The first thing I saw in there was my mom, facing the bed that was on the left coming out of the wall vertically, in her work clothes. She had her hand over her mouth, and her eyebrows were scrunched. Her eyes were welled with tears, something I saw once in a blue moon. Behind her was my great Aunt Judy and my grandma Sharon, Motsie’s daughters that have been here almost 24/7 for the past week. Aunt Chris was sitting at Motsie’s feet, tears coming from her eyes too. Amanda and I were stopped in the doorway when my mom looked up. Her mouth quivered, and she could barely mouth the words “She’s gone.”

We slowly walked in, and I turned my head to the left, where her body laid. Her mouth hung open, and her eyes were shut. Her body didn’t move with every breath, and she was no longer struggling. I touched her forehead; it was still warm. I lost it. Tears started flowing out of my face uncontrollably, and my mom hugged me tightly. I cried into my moms hair as my chin rested on her shoulder. Amanda hugged the both of us, and I struggled to breathe.
I don’t remember how long this went on for, but it was awhile. When we all decided it was time to go, I touched her forehead again. It was cold. For as long as I can remember, Motsie was the one person who always made me feel so warm inside. And now, she lay here, cold as the wind outside.

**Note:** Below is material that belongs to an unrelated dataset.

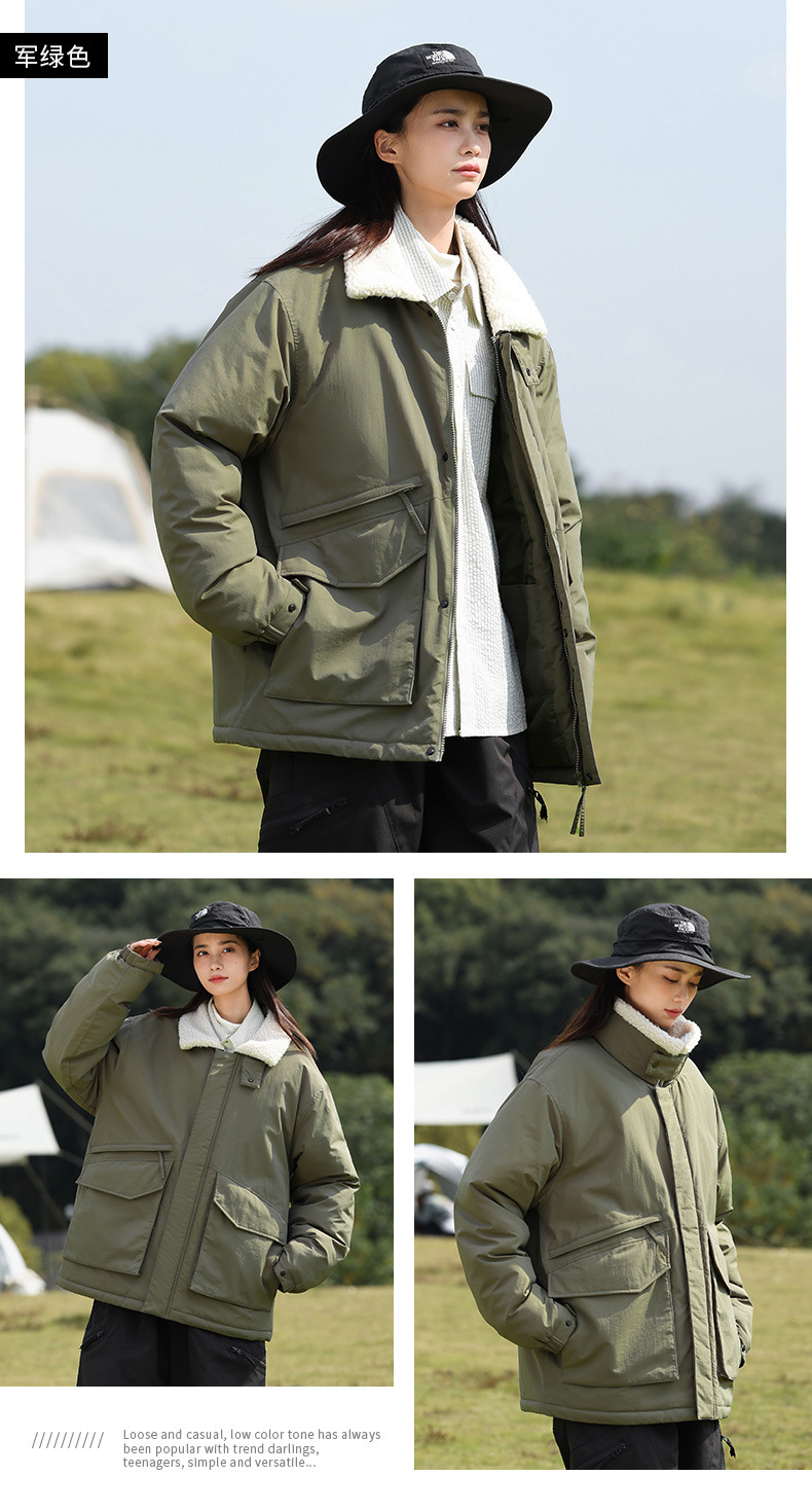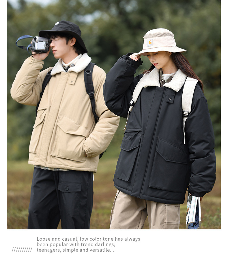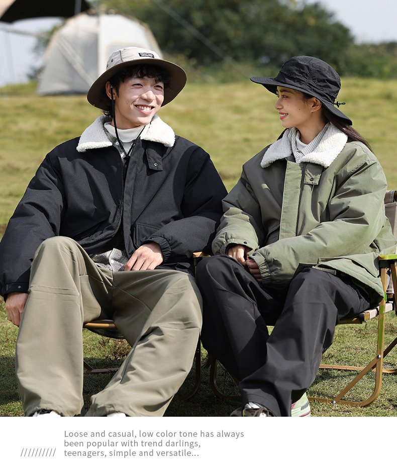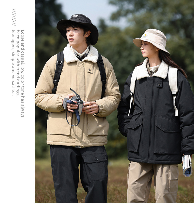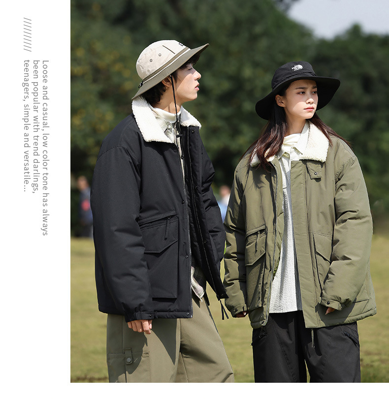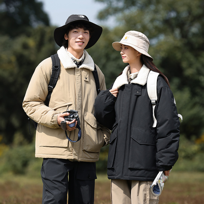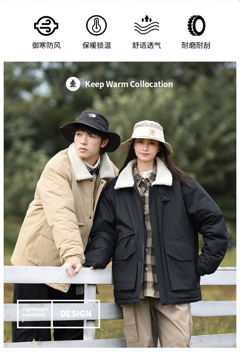 冬季棉衣男女情侣爆款潮牌纯色可二开印花翻领羊羔绒工装休闲棉服

Her funeral was a couple days later.

A month later, I got five birds tattooed on my forearm in memory of Motsie. Amanda got five birds tattooed on her back.

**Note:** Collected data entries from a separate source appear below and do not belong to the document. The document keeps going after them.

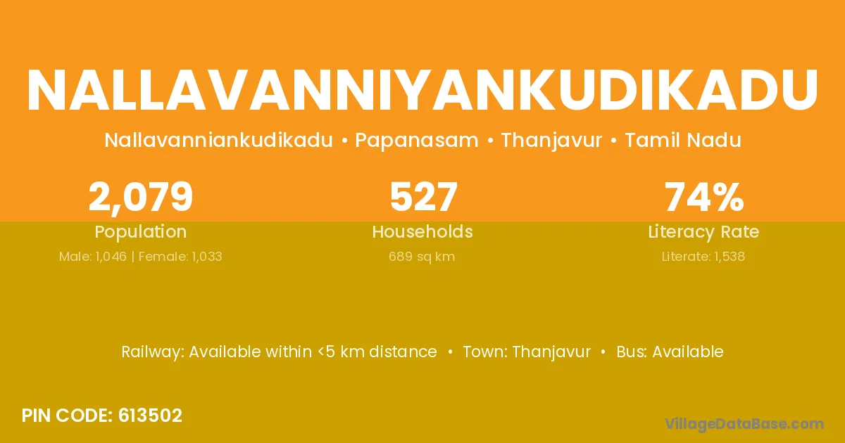 Nallavanniyankudikadu village has a total population of 2,079 people, of which 1,046 are males and 1,033 are females.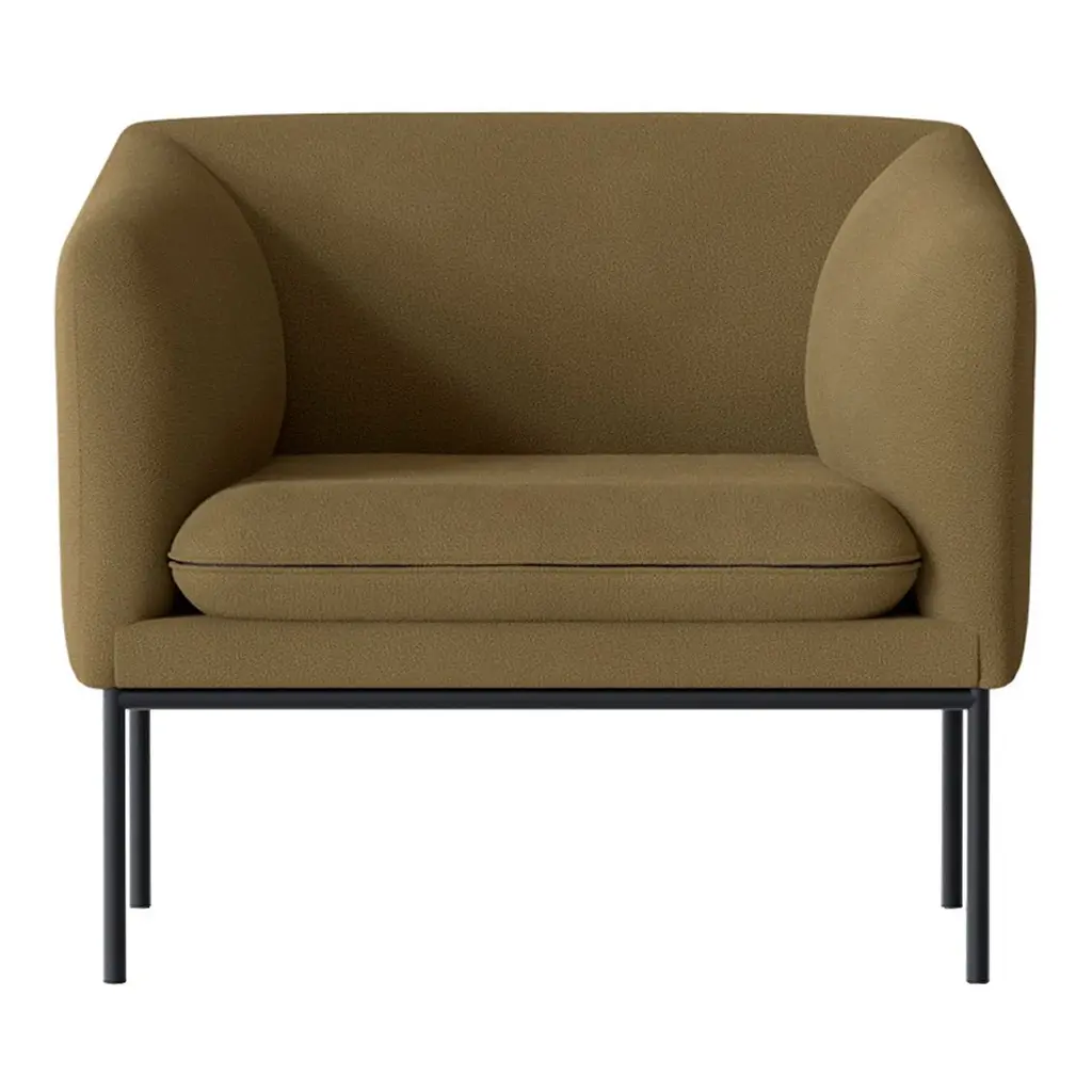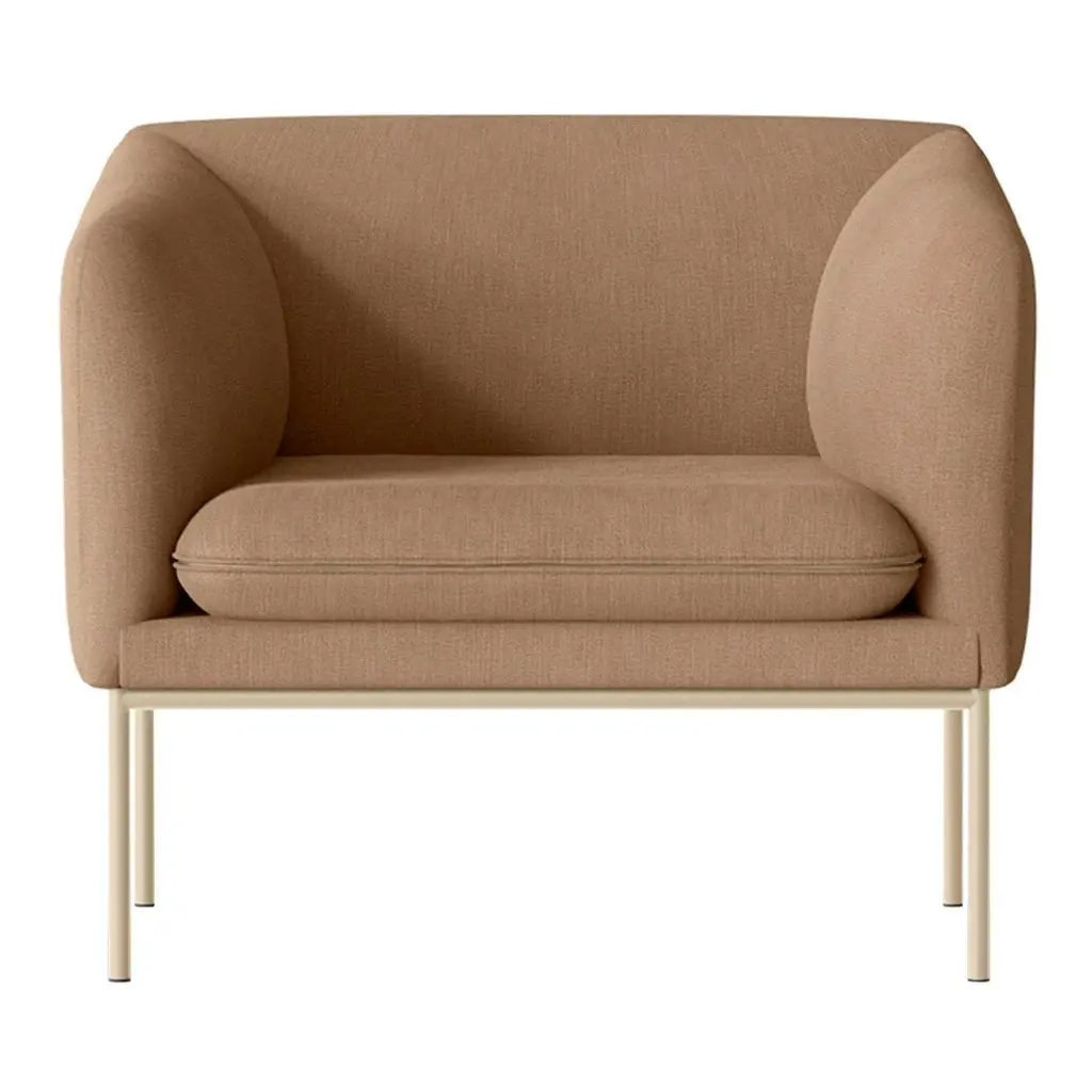 This inviting armchair has a strict sculptural outer shape that complements the curves of the inviting, rounded inner. With its tight upholstery and simple frame made from powder coated steel, the chair achieves a timeless, clean look with a feminine touch and an elevated feel thanks to its thin, delicate legs.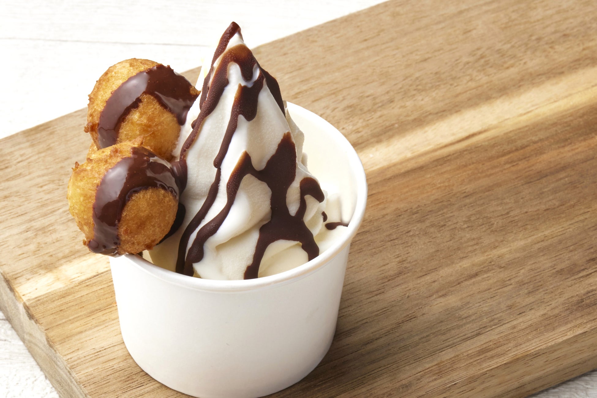 (うどーなつ2個、ソフトクリーム、お好きなソース1個)

Sporadically throughout the months afterwards, we all visited her old home and collected the things we gave to her or other things we would like to have. I got a couple necklaces and a ring, jewelry I hadn’t ever seen her wear before.

Her birthday passed; she would’ve been 97.

Prom passed; Graduation passed. Pictures of my cousins and her hung up, all of them in their prom dresses or tux’s and in their graduation caps and gowns, monuments she would never see for me.

So here I am, one year later. I’m attending the University of Iowa, something that Motsie was proud to hear when I told her last year as she laid in a hospital bed. I’m going through today with a heavy heart. I miss my great grandmother Motsie with all of my heart.

RIP Irene Vig March 27th, 1918 — December 17th, 2014.